DATASET EXTRACT:
* * * * *

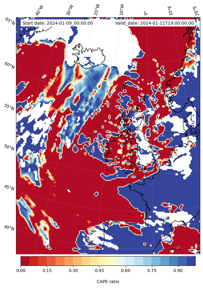 - Maximum CAPE (J/Kg)
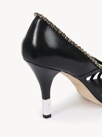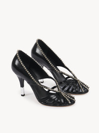 These Leonie pumps are crafted from a mix of sheepskin and strass. They feature a subtle open toe and cut-out details while the heel is set with a silver insert engraved with the Chloe logo. PRODUCT DETAILS Pump heel height: 3.7" (9.5 cm) Heel-to-toe drop: 3.5" (9 cm) Upper: sheepskin Inner sole: goatskin Main lining: goatskin Sole: cowhide Heel: 50% acrylonitrile butadiene styrene, 50% sheepskin Fit true to size, European sizing - Slip-on To make this product, Chloe worked with Leather Working Group (LWG) certified leather manufacturers. LWG certifies tanneries based on their water and energy usage, management of chemicals, solid waste, and wastewater. Color: Black Silver Item code: CHC25S07LPP0ZZ
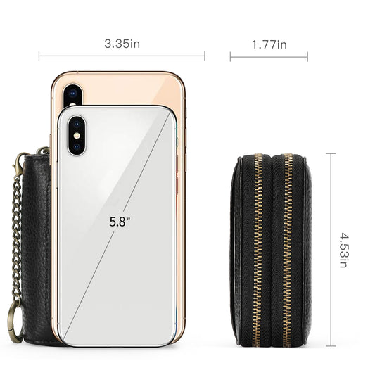 GAEKEAO Credit Card Holder Wallets for Women RFID Blocking Small Genuine Leather Card Case Wallet Double Zipper Accordion Wallets
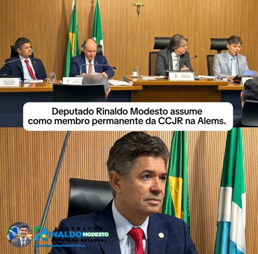 Rinaldo Modesto assume como membro permanente da CCJR na Alems Por: Noticias Digital – 27/02/2026 – fonte: Assessoria de Comunicação O deputado estadual Professor Rinaldo Modesto assumiu oficialmente, nesta terça-feira, 25, como membro permanente da Comissão de Constituição, Justiça e Redação da Assembleia Legislativa de Mato Grosso do Sul (Alems). A indicação ocorre dentro da […]

* * * * *

WHAT YOU NEED TO DO: From the line containing "GAEKEAO Credit Card" through the last line of the listing, inclusive, transcribe every line exactly and nothing else; the pictures stay out.

TASK OUTPUT:
 GAEKEAO Credit Card Holder Wallets for Women RFID Blocking Small Genuine Leather Card Case Wallet Double Zipper Accordion Wallets
 Rinaldo Modesto assume como membro permanente da CCJR na Alems Por: Noticias Digital – 27/02/2026 – fonte: Assessoria de Comunicação O deputado estadual Professor Rinaldo Modesto assumiu oficialmente, nesta terça-feira, 25, como membro permanente da Comissão de Constituição, Justiça e Redação da Assembleia Legislativa de Mato Grosso do Sul (Alems). A indicação ocorre dentro da […]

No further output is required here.